DIRECTIONS FOR THIS TASK | Among the lines below, take the one holding "وقال ابن عمر", the one holding "Rozdzielnica metalowa podtynkowa", and all lines between them. Set them down exactly.

BEGIN DATA TO PROCESS

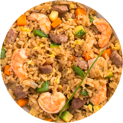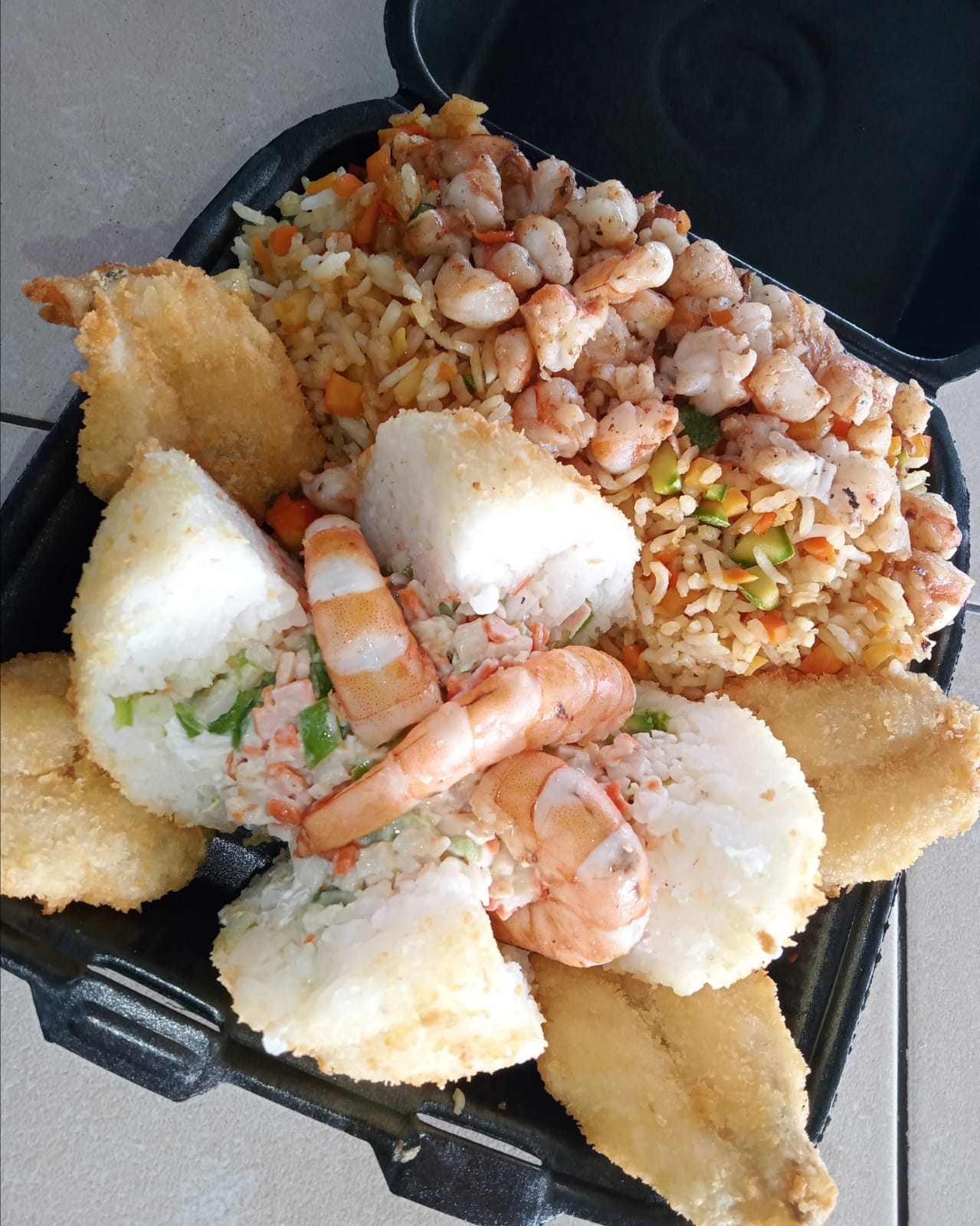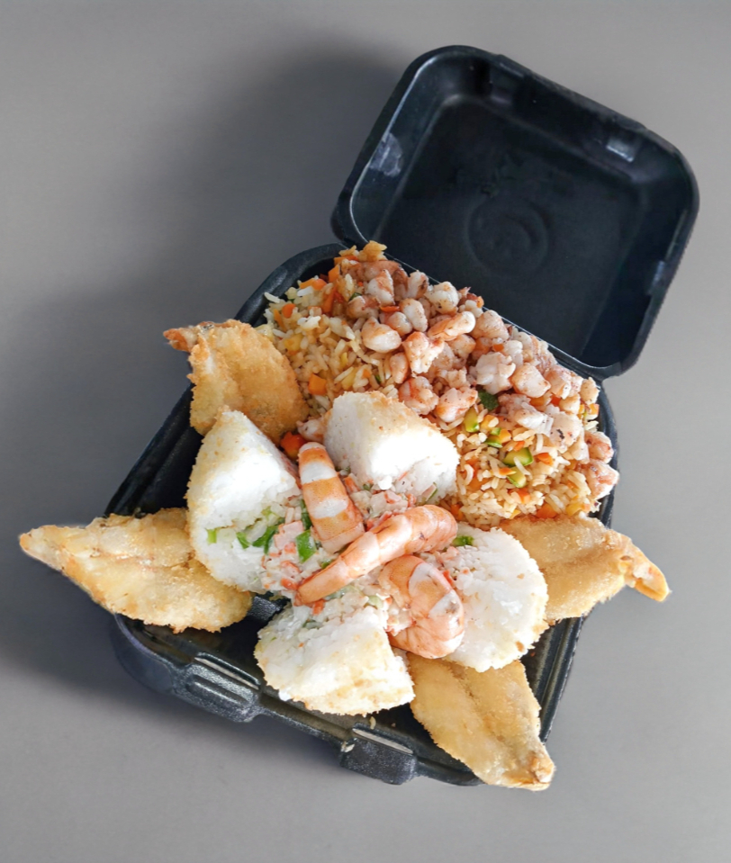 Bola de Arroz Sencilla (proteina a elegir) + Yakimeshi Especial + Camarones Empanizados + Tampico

END DATA TO PROCESS
BEGIN DATA TO PROCESS

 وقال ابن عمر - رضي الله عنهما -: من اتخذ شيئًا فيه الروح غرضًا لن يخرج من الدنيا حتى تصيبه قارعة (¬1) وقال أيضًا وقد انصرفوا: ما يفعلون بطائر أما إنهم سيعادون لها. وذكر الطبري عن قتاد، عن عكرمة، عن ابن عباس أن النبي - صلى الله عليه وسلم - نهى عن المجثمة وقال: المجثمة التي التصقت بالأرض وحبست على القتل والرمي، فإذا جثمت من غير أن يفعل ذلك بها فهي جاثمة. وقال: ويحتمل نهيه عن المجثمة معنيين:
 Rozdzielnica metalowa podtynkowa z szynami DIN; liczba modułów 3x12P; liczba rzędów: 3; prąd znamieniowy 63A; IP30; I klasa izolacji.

END DATA TO PROCESS

OUTPUT FOR THIS TASK |
 وقال ابن عمر - رضي الله عنهما -: من اتخذ شيئًا فيه الروح غرضًا لن يخرج من الدنيا حتى تصيبه قارعة (¬1) وقال أيضًا وقد انصرفوا: ما يفعلون بطائر أما إنهم سيعادون لها. وذكر الطبري عن قتاد، عن عكرمة، عن ابن عباس أن النبي - صلى الله عليه وسلم - نهى عن المجثمة وقال: المجثمة التي التصقت بالأرض وحبست على القتل والرمي، فإذا جثمت من غير أن يفعل ذلك بها فهي جاثمة. وقال: ويحتمل نهيه عن المجثمة معنيين:
 Rozdzielnica metalowa podtynkowa z szynami DIN; liczba modułów 3x12P; liczba rzędów: 3; prąd znamieniowy 63A; IP30; I klasa izolacji.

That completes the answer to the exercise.